**WORK ITEM:**
Output exactly the lines below, starting with the line that has "Summer Suede Pointed" and going on through the line that has "Le piccole sculture", both included, and no other lines.

**MATERIAL SHOWN:**

==============================

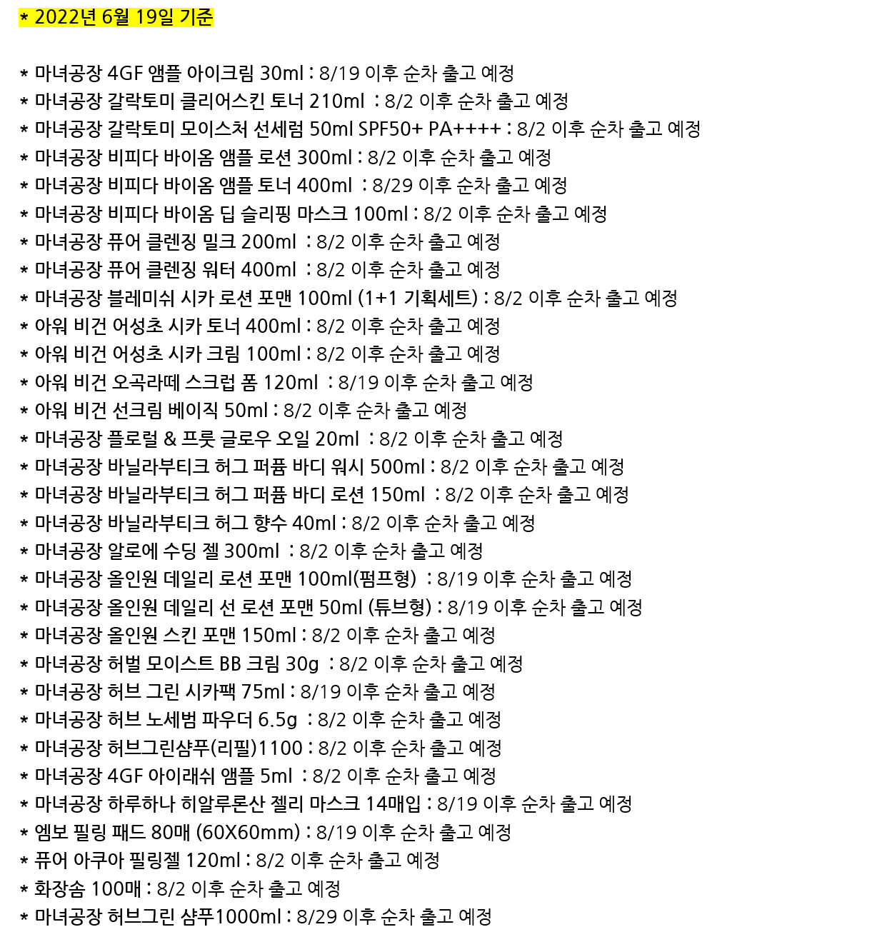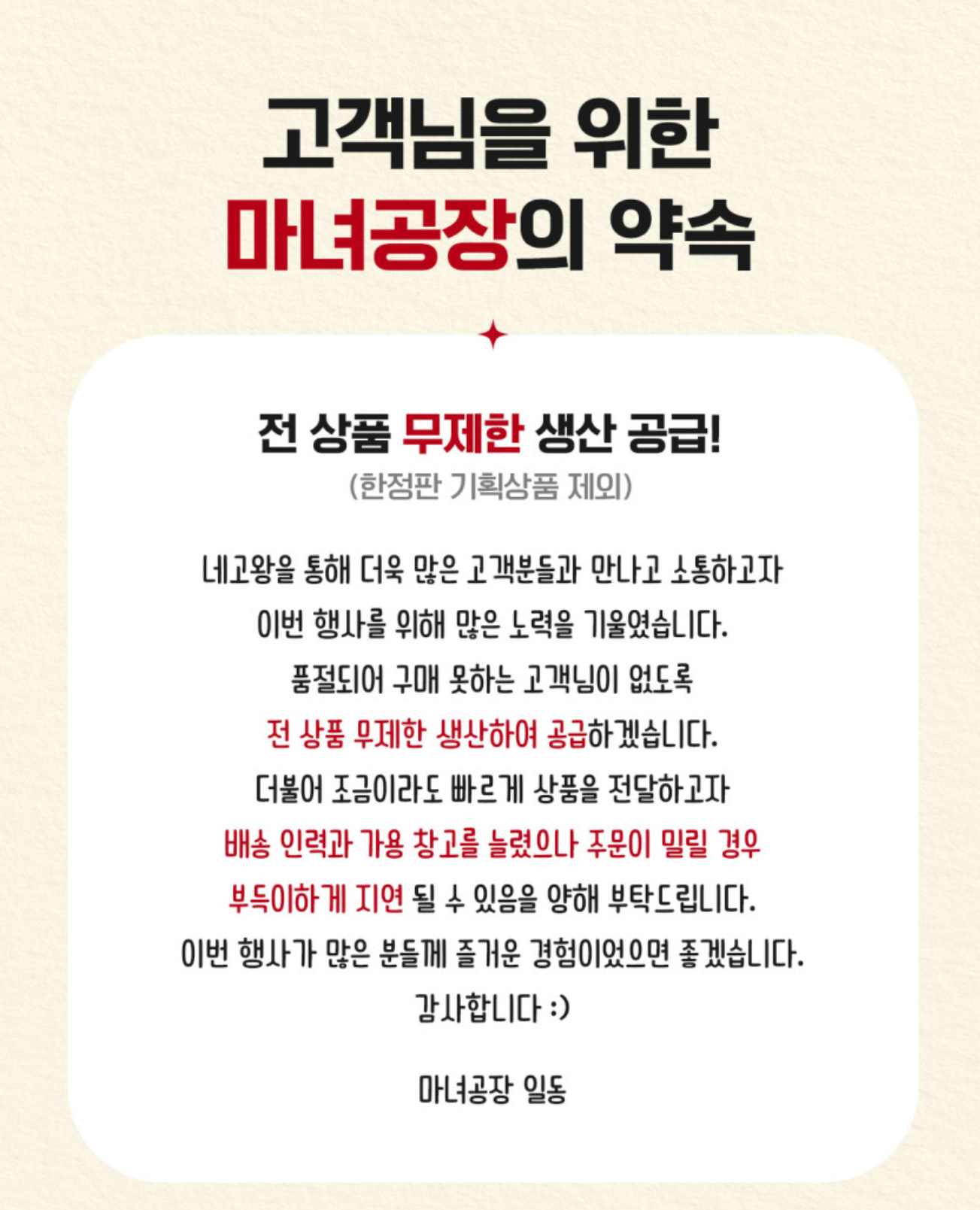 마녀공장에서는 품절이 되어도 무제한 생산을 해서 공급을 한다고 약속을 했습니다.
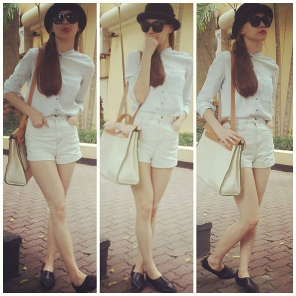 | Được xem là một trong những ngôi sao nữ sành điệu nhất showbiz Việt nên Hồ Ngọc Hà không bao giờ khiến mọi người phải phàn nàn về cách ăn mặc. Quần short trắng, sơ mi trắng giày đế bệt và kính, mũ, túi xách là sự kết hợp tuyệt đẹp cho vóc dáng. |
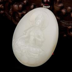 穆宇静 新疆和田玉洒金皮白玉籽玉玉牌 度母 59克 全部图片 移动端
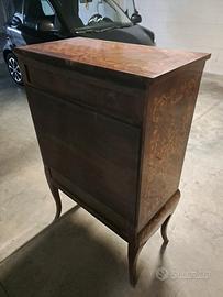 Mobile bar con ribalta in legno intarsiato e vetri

==============================

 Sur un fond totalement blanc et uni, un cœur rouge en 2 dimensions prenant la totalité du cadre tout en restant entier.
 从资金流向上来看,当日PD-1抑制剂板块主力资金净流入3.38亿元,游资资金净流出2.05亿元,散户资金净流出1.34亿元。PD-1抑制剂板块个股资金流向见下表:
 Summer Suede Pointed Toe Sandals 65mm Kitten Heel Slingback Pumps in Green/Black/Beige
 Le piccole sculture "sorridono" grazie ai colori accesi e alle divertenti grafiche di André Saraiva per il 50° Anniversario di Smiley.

==============================

**COMPLETED TASK:**
 Summer Suede Pointed Toe Sandals 65mm Kitten Heel Slingback Pumps in Green/Black/Beige
 Le piccole sculture "sorridono" grazie ai colori accesi e alle divertenti grafiche di André Saraiva per il 50° Anniversario di Smiley.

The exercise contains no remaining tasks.